The Vampire Chronicles/YMMV

Everything About Fiction You Never Wanted to Know.


  • Alternate Character Interpretation: The way Louis depicts Lestat is a lot different from the way Lestat depicts Lestat.
    • Is Louis so tortured because, deep down, he still believes in human morality but is forced by his vampire nature to live at odds with it, or is he so self centered that all he can see is his own pain?
  • Canon Sue: Dora, Mona, Merrick, but Lestat most of all.

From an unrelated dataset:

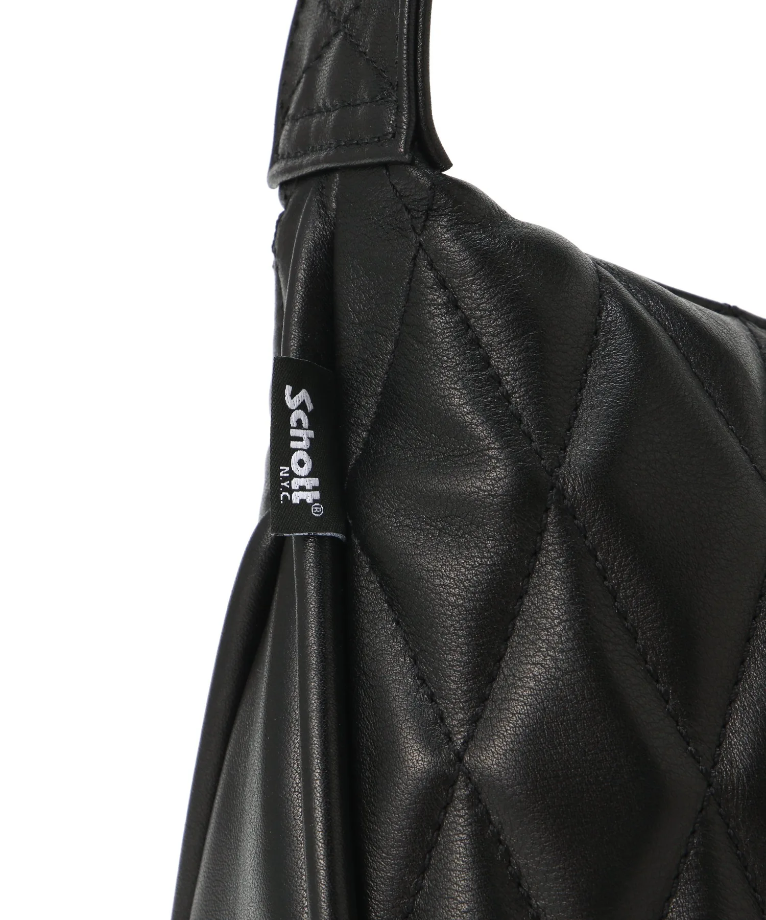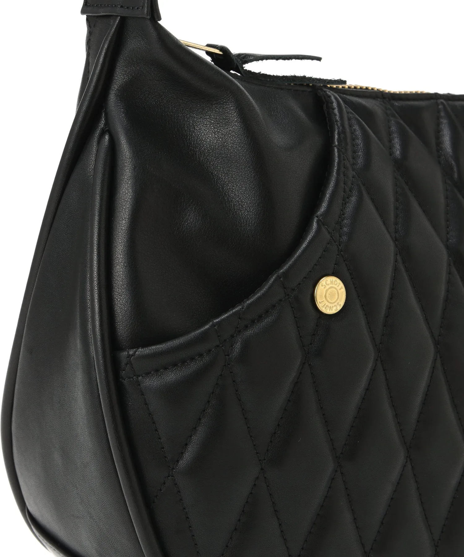 Эта стильная сумка через плечо украшена ромбовидной стежкой, напоминающей подкладку байкерских курток Schott.

    • This is debatable, since Lestat has a lot of realistic flaws and short comings that he himself admits to, does a lot of things that he later regrets and admits to being wrong about (Claudia anyone?) and there are plenty of other characters in the story who really dislike him for what could be considered perfectly logical reasons but are not made out to be villains.
    • Though, Anne Rice has openly admitted ot Lestat being an Author Avatar (atleast later on in the series) the writing suggests that the reader is meant to empathize with him, but not necessarily approve of everything he does.
  • Evil Is Cool: And sexy and glamorous.
  • Fanon: Though it is a common and long held assumption, the books never actually say that vampires are impotent. In the series people do seem to lose interest in sex following becoming a vampire, but it is never expressly stated or shown that they are INCAPABLE of having sex.
    • In Interview with the Vampire Louis at one point says something to the effect of "don't get me wrong, Armand was a beautiful man and intimacy with him would not have been unpleasant but, for vampires, the apex of physical pleasure is the kill" this seems to indicate that vampires can have sex, but that sex just isn't as big of a deal to them as it is to humans.
  • Ho Yay: Stomps all over the line between subtext and text; the only thing that precludes the many intense romances between male vampires from being canonically sexual is the fact that the transformation from humanity renders sex obsolete, as killing becomes the height of achievable pleasure. However, that doesn't stop the pairings from being deeply romantic and erotic.
  • Jerkass Woobie: Lestat
  • Jumped the Shark: It is not uncommon to hear people argue for anything after "Queen of the Damned" as having Jumped the Shark. For those that argue for later points of shark-jumping, even the most hardcore series fans were put off by the series after it started incorporating elements from Rice's Mayfair Witches series.
  • Magnificent Bastard: Lestat, predominantly. Marius, Armand, Akasha and Marahet qualify as well.
  • Protection From Editors
  • Sequelitis: (Type 4) It doesn't take a lit. professor to see that Rice's characterizations of Lestat and Louis are a lot stronger in the first few books than they are later on in the series.
  • Woobie: Louis, at least in the first book.